Otros casos han adoptado un enfoque similar, incluyendo Azurix contra Argentina(7), Siemens contra Argentina(8) y Compañía de Aguas y Vivendi contra Argentina(9). Sugerir que existe una práctica consistente en este tema sería estrechar demasiado el concepto, ya que algunos tribunales han adoptado un enfoque más restrictivo, que limita el alcance de la garantía a la protección física(10).

vii) Disposiciones específicas en relación con los impuestos en los tratados bilaterales de inversión

Aunque la mayoría de los TBI son textos de aplicación general, cabe señalar que algunos de estos tratados contienen disposiciones específicas relativas a impuestos, que por lo general limitan el alcance de las garantías previstas en relación con los impuestos. Por ejemplo, el modelo del tratado de inversión bilateral de EE. UU. 2012 establece lo siguiente:

“ART. 21.—Tributación

1. Salvo lo dispuesto en este artículo, ninguna disposición en la sección A impone obligaciones con respecto a las medidas tributarias.

2. Artículo 6º [expropiación] se aplicará a todas las medidas tributarias, salvo que el demandante que afirma que una medida constituye una expropiación podrá someter una reclamación a arbitraje bajo la sección B solo si:

a) el demandante primero ha referido por escrito la cuestión de si la medida constituye una expropiación a las autoridades fiscales competentes de ambas partes, y

b) dentro de los 180 días siguientes a la fecha de referida la cuestión, las autoridades fiscales competentes de las dos partes no logran llegar a un acuerdo de si la medida tributaria no constituye una expropiación.
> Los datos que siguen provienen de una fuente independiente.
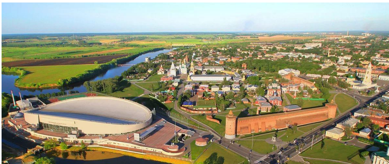
Рисунок 1 – МБУ «Конькобежный центр «Коломна», г. Коломна

Именно это и называется «культурная катастрофа» , когда города, пережившие революции и войны, превращаются в спальные панельные районы, а особняки довоенного периода сносятся очередными «Пятёрочками» и парковками. Пример этому, который я буквально недавно увидела, приехав в Коломну – огромный панельный конькобежный центр в панораме Коломенского кремля.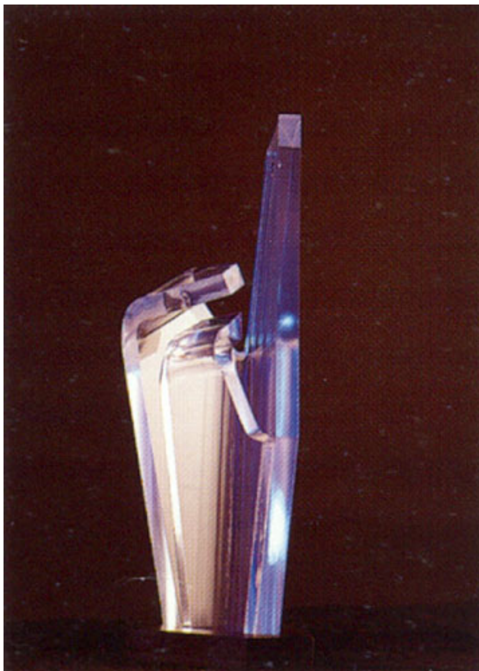
PROYECCIÓN CÓSMICA EJERCICIO N°7

3. Sin perjuicio del apartado 4, el artículo 8º [requisitos de rendimiento] (2) a (4) se aplicarán a todas las medidas tributarias.

4. Ninguna disposición del presente tratado afectará los derechos y obligaciones de las partes bajo cualquier convenio tributario. En el caso de inconsistencia entre este tratado y cualquiera de estos convenios, el convenio prevalecerá en el caso de inconsistencia. En el caso de un convenio tributario entre las partes, las autoridades competentes bajo ese convenio tendrán la responsabilidad de determinar si existe alguna incompatibilidad entre este tratado y ese convenio”(11).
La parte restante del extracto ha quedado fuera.